Kirsty Hanson (born 17 April 1998) is a footballer who plays as a forward for English Women's Super League club Aston Villa, on loan from Manchester United, and the Scotland national team.

Hanson began her career in the youth ranks of Manchester United before spending a year with the Liverpool Development Squad. She made her senior debut with Sheffield FC before joining Doncaster Rovers Belles in late 2016. Hanson returned to her former club in July 2018, following the introduction of a senior team at Manchester United.

Club career

Early career 
Hanson spent her early years in the Manchester United Centre of Excellence, before joining Liverpool due to her limited opportunities to progress with her former club.

Sheffield F.C. 
In June 2016, Hanson joined FA WSL 2 club Sheffield F.C. She made a total of 10 appearances during the 2016 FA WSL season.

Doncaster Rovers Belles 
In December 2016, Hanson became the Doncaster Rovers Belles' first signing ahead of the 2017 FA WSL Spring Series. She scored three times in nine appearances in her inaugural campaign, and became a key figure in the squad for the 2017–18 season.

On 29 October 2017, Hanson scored twice in a 6–0 victory against Aston Villa. She also scored braces in a 4–1 victory against Brighton & Hove Albion in January 2018, and in a 3–1 win against Durham in April.

Manchester United 

On 1 July 2018, Hanson joined the newly-formed Manchester United to compete in the FA Women's Championship, one of seven players to return to the senior side having played for the club at youth level. She made her debut in a 1–0 FA Women's League Cup victory against former club Liverpool on 19 August, and marked her league debut with a brace in a 12–0 win against Aston Villa. Hanson made her first start of the 2019–20 season against Tottenham Hotspur in the FA Women's Super League on 13 October 2019, scoring the first goal as United won 3–0. She was named FA WSL player of the month for October 2019.

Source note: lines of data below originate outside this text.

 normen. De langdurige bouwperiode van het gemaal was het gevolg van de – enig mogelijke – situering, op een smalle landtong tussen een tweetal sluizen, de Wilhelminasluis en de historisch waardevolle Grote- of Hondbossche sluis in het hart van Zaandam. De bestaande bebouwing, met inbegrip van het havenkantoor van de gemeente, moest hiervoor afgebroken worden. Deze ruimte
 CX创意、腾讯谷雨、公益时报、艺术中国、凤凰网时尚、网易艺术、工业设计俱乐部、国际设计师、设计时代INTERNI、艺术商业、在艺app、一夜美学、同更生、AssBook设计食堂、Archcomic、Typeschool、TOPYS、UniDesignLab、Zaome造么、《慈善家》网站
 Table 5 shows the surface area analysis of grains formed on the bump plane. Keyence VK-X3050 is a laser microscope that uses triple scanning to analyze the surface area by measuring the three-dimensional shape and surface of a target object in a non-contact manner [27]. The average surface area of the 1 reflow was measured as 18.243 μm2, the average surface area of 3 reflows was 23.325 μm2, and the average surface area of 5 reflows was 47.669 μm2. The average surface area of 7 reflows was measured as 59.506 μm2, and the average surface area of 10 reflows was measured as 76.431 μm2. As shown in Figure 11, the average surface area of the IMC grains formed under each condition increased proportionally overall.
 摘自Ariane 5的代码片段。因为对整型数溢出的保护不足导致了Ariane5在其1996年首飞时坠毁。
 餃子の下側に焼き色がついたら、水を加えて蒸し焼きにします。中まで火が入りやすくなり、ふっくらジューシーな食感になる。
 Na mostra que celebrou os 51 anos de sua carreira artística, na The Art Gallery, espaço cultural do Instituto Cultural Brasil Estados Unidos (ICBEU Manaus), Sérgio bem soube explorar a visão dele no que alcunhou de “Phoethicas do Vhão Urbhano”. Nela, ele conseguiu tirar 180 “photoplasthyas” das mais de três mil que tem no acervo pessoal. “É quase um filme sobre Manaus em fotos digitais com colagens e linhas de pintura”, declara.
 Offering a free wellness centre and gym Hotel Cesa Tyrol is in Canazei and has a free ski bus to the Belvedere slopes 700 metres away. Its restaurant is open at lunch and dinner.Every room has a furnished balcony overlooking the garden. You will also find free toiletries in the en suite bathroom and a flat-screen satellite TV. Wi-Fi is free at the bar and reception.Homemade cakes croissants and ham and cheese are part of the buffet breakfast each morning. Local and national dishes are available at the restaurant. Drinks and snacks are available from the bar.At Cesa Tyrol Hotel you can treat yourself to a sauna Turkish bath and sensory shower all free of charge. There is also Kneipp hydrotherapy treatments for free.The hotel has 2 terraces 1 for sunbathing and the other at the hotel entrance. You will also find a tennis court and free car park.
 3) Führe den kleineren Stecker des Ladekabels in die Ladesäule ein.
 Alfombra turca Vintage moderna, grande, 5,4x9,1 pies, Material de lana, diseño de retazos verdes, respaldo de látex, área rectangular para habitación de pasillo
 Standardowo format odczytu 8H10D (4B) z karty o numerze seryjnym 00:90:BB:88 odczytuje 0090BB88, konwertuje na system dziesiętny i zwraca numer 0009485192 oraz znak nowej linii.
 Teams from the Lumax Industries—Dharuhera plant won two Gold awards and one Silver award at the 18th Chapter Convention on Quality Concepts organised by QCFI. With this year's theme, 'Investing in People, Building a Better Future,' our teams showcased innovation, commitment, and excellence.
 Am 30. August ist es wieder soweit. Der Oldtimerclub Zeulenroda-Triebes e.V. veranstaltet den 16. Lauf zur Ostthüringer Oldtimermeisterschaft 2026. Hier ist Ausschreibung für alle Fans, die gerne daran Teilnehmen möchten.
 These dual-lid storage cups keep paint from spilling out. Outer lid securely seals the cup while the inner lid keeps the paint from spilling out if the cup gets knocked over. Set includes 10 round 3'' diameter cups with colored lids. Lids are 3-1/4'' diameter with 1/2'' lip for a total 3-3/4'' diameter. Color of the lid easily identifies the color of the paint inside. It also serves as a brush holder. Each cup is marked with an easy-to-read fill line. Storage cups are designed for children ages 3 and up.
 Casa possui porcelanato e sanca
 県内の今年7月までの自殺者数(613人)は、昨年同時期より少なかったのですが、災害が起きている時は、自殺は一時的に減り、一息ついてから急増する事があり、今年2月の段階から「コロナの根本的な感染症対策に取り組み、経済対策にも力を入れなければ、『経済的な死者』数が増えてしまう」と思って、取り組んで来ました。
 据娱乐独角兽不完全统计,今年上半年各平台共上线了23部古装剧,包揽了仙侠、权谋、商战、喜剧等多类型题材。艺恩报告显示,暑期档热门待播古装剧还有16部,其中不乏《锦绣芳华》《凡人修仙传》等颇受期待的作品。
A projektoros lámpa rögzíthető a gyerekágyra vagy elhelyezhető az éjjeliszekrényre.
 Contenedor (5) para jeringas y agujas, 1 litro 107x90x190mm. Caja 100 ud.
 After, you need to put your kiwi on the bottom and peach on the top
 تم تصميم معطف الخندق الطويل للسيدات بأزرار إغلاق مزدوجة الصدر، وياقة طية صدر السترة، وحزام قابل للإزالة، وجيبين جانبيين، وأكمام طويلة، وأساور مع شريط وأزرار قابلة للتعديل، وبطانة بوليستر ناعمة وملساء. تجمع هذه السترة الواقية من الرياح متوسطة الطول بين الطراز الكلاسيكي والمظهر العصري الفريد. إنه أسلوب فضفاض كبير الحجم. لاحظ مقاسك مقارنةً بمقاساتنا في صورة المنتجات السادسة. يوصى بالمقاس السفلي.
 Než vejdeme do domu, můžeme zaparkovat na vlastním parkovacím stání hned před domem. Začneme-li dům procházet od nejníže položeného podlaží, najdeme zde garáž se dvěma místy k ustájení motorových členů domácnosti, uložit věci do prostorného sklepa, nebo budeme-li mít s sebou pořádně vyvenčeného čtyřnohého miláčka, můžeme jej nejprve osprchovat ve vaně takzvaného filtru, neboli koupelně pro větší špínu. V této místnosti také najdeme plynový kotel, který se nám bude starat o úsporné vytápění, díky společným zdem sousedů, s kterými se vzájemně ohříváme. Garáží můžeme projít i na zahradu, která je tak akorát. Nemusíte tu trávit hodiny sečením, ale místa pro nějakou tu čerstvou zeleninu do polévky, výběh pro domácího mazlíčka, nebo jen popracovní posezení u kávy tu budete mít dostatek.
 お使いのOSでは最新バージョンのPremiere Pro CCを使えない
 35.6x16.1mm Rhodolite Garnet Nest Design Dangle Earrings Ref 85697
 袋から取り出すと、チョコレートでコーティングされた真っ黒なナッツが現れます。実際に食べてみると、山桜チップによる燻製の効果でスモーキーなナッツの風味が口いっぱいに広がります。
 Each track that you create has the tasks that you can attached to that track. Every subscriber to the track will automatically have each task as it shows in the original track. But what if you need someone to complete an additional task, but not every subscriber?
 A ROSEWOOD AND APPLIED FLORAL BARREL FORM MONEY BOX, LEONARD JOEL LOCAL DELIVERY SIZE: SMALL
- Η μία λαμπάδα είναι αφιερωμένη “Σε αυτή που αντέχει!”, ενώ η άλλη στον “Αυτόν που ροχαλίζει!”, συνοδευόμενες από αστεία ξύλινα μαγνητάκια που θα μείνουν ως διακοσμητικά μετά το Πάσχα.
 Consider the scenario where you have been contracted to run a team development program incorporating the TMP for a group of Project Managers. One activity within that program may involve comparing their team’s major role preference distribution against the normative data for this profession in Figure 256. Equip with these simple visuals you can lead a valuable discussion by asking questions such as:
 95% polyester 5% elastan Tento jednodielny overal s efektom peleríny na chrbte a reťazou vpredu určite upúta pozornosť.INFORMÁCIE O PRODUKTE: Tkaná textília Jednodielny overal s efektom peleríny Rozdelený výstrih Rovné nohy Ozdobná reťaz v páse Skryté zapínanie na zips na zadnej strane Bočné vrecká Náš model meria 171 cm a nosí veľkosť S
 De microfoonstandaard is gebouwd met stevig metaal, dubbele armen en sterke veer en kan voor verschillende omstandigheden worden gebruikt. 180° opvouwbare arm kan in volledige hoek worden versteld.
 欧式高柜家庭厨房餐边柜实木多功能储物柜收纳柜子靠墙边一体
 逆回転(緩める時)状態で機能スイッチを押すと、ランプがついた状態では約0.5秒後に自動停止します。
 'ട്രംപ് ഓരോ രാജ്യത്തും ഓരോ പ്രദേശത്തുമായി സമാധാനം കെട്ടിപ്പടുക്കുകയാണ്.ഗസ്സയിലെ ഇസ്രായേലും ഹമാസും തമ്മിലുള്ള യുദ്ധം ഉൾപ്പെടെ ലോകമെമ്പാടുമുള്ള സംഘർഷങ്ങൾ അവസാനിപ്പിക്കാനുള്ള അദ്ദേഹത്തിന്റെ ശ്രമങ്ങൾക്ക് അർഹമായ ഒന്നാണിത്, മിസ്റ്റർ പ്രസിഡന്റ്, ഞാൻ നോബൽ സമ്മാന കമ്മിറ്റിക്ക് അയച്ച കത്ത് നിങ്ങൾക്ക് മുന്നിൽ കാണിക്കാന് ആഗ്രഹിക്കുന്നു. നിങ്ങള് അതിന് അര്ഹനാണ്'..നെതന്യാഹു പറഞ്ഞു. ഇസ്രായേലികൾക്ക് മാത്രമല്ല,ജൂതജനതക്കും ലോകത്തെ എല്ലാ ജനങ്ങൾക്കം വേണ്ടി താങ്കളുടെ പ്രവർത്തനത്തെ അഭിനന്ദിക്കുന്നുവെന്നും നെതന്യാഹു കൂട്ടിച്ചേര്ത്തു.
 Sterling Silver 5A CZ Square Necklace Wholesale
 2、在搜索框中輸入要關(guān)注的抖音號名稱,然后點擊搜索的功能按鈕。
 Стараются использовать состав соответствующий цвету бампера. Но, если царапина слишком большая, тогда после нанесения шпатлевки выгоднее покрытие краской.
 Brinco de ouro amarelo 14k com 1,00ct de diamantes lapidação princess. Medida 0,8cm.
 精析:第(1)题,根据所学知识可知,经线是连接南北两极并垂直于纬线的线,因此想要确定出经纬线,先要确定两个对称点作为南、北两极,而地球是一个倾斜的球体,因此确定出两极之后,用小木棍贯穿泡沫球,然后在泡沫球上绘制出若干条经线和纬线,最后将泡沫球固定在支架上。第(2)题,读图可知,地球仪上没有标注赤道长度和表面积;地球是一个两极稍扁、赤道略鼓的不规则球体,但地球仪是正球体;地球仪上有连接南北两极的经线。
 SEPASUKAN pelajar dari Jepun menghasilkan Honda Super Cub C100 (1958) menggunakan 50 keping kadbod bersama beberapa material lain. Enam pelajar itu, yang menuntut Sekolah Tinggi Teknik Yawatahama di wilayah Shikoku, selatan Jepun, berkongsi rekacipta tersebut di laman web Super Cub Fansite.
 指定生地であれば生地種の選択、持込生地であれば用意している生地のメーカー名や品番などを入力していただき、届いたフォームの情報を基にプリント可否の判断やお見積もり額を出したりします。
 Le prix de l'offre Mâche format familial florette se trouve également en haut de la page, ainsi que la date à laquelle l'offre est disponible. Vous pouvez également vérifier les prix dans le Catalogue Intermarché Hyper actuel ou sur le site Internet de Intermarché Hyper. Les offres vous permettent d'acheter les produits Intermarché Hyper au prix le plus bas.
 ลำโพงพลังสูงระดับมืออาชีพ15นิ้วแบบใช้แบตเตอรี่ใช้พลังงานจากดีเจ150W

Ahead of the 2020–21 season, Hanson signed a new one-year contract with an option for a further year. On 3 February 2021 Hanson signed a new deal with Manchester United until 2024 with the option to extend it for a further year.

On 8 September 2022, Hanson joined fellow WSL side Aston Villa on loan for the 2022–23 season.

International career 
Hanson was eligible to represent England, having been born in Halifax, and Scotland, where her mother was born.

She played for Scotland at the under-17 and under-19 levels, and scored their only goal at the 2017 UEFA Women's Under-19 Championship. This came in a 1–1 draw against host nation Northern Ireland.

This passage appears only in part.